The emergence of atlases: grouping cells into regions
Historically, as studies of cell types and their distributions continued, we observed the emergence of maps defined by these cell characteristics. Atlases were created based on cytoarchitecture (Amunts et al., 2020; Brodmann, 1909) with the Brodmann atlas (Brodmann, 1909) being one of the earliest. As the development of atlases has evolved, multimodal data and additional criteria have been introduced to attempt to more rigorously define cortical areas beyond simply cytoarchitecture. For example, the so-called FACT categories (Van Essen and Glasser, 2018), were introduced to incorporate function, architecture, connectivity and/or topographic organization in defining regions. Function in this scheme, refers to the function of a cell, not the function of the region, or how the cells fine-tuning within the region depends upon the specific inputs/output conditions. To date no consensus atlas has emerged in any species. In macaques, for example, where extensive cell and tracer studies are available, there are at least six atlases enjoying common application (Van Essen and Glasser, 2018). In further extensions, multimodal atlases have been introduced, including both animal and human atlases linked to gene expression (Yamamori and Rockland, 2006).
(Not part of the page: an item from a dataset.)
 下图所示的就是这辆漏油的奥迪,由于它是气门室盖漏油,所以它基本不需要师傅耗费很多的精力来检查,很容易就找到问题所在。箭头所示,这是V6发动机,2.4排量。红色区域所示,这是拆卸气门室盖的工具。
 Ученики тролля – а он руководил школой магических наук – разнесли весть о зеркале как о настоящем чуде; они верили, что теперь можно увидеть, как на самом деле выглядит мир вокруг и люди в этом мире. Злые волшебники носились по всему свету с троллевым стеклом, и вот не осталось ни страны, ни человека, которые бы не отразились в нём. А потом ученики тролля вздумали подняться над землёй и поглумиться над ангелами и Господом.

One challenge with such neuroanatomic approaches is that the boundaries outside of primary sensory/motor areas are not clear. A bigger problem is that such regional definitions do not account for local tuning and how neurons function as a group.
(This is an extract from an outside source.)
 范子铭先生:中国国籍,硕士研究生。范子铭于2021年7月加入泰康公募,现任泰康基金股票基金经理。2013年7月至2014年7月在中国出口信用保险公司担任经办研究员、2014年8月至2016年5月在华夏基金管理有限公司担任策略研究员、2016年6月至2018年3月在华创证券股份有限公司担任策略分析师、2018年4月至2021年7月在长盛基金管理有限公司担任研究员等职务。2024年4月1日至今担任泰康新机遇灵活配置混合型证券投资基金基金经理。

The cortical layers add additional complexity in atlasing and these sometimes highlight the mismatch between different aspects of neural cells (Palomero-Gallagher and Zilles, 2019). Multimodal analyses of neural cells are now possible, and it is clear from such studies that there are cases where the borders of the cyto- and myelo- architectonic layers are compatible but the receptor density profiles (potentially more directly tied to function) rarely coincide with the histologically defined borders of layers. Even at the level of the cortical column there is a mismatch between structure and function with columns not capturing the granularity of the vertical and lateral interdigitation of the component neurons in a circuit (Douglas and Martin, 2007).
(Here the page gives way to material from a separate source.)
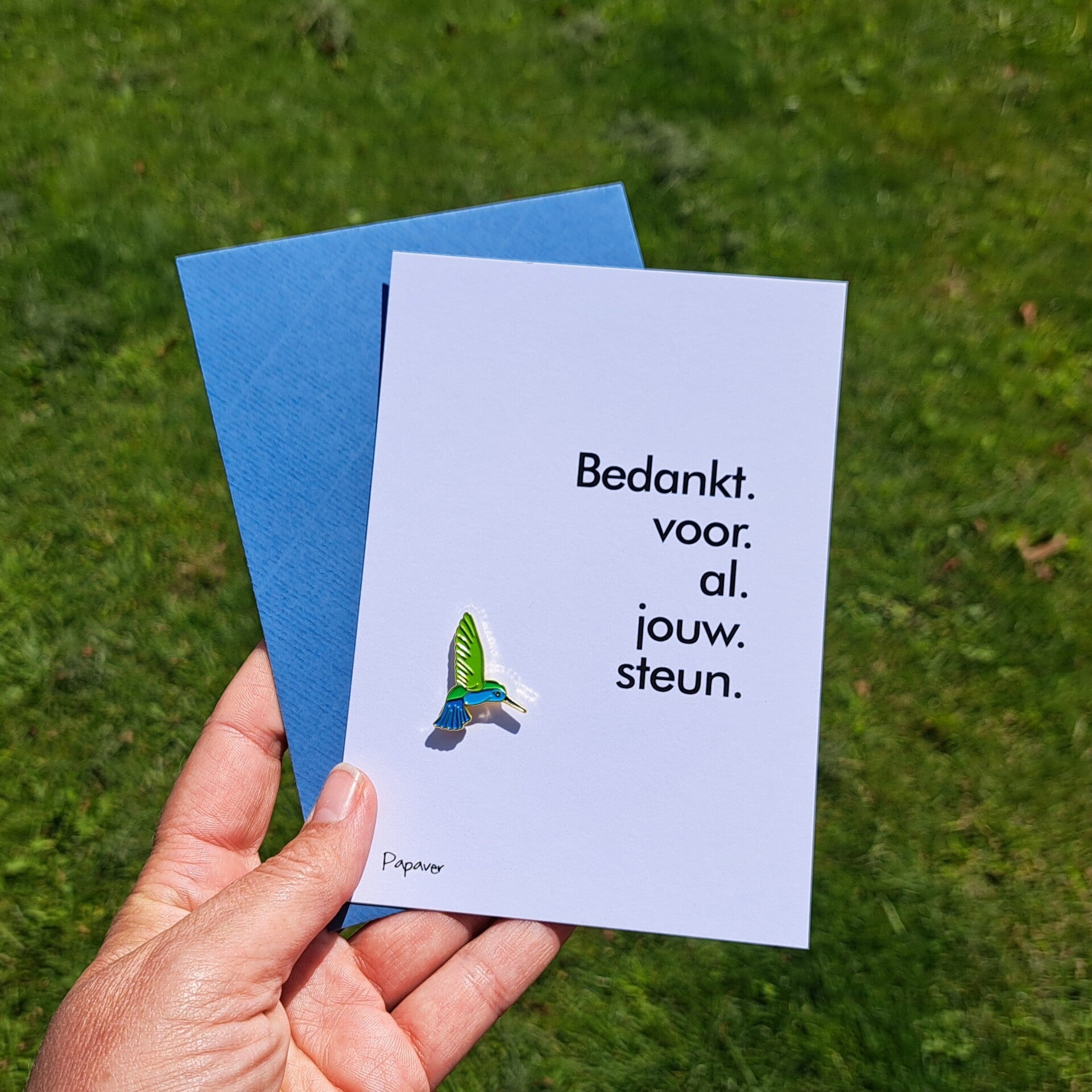 Wil je iemand een kaartje sturen, maar er ook een klein cadeautje bij doen? Dan is deze kolibri pin een leuk idee!

Nevertheless, interest in developing atlases continues to grow and many atlases have been introduced with the number of regions in humans ranging most commonly from 100 to 400 but sometimes as many as 5,000 (Dadi et al., 2020; Salehi et al., 2020). Early, commonly used anatomic atlases include the Anatomic atlases (AAL) (Rolls et al., 2020), freesurfer (Fischl, 2004), and others (Kaltenmark et al., 2020; Desikan et al., 2006). These early atlases are spatially coarse (similar to the Brodmann atlas) with of the order of ~100 regions or less and are being replaced by atlases in the 300–400 node range.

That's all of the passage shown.